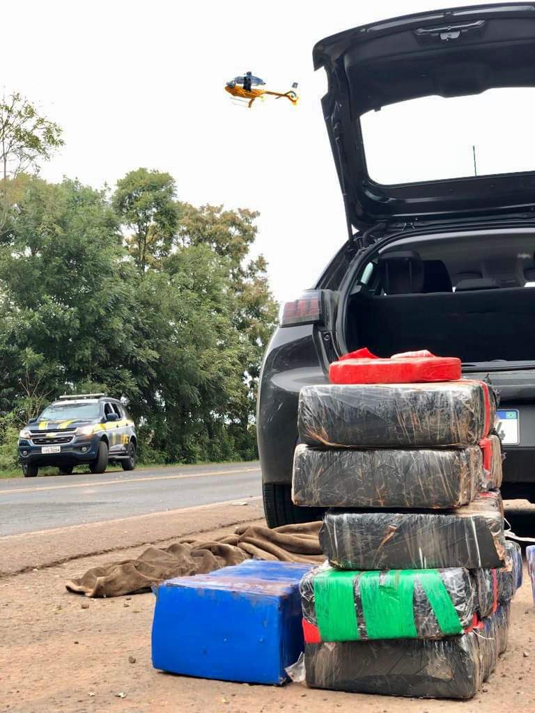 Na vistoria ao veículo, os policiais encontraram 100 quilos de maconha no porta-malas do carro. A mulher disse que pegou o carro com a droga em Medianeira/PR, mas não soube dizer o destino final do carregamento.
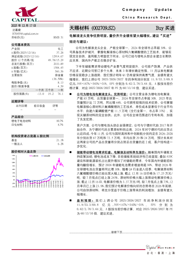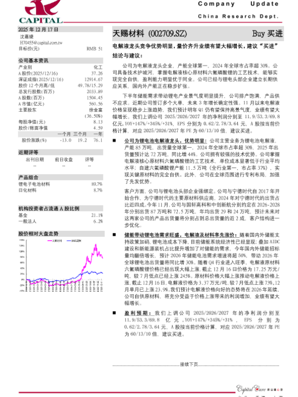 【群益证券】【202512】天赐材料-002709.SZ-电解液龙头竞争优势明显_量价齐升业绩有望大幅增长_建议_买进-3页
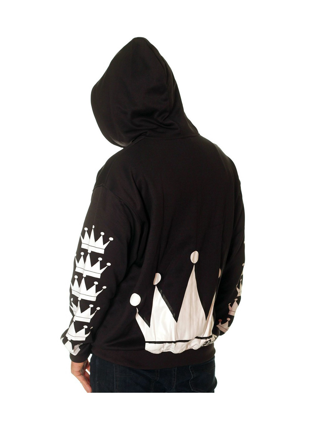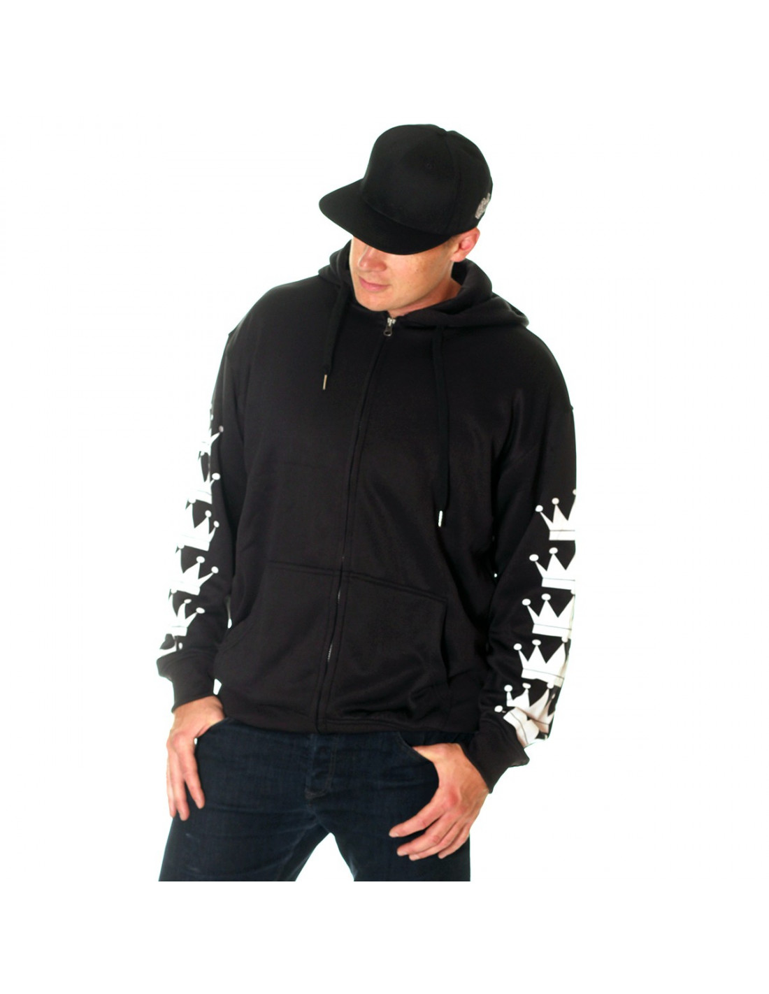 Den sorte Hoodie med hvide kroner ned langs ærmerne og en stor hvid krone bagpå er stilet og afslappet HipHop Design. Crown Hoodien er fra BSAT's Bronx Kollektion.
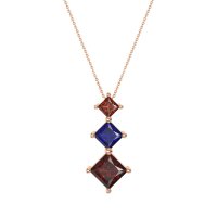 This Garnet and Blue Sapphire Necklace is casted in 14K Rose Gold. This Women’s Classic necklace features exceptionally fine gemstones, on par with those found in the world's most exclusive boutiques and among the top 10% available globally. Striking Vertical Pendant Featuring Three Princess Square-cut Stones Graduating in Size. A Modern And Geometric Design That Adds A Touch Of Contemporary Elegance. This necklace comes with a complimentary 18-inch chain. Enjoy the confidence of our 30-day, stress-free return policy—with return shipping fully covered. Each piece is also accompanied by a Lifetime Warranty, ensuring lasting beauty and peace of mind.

■ **Action item**
Could you restate exactly the lines from the line containing "Den sorte Hoodie" through the end of the listing, both ends included and nothing else, leaving the images out?

■ **Reply**
 Den sorte Hoodie med hvide kroner ned langs ærmerne og en stor hvid krone bagpå er stilet og afslappet HipHop Design. Crown Hoodien er fra BSAT's Bronx Kollektion.
 This Garnet and Blue Sapphire Necklace is casted in 14K Rose Gold. This Women’s Classic necklace features exceptionally fine gemstones, on par with those found in the world's most exclusive boutiques and among the top 10% available globally. Striking Vertical Pendant Featuring Three Princess Square-cut Stones Graduating in Size. A Modern And Geometric Design That Adds A Touch Of Contemporary Elegance. This necklace comes with a complimentary 18-inch chain. Enjoy the confidence of our 30-day, stress-free return policy—with return shipping fully covered. Each piece is also accompanied by a Lifetime Warranty, ensuring lasting beauty and peace of mind.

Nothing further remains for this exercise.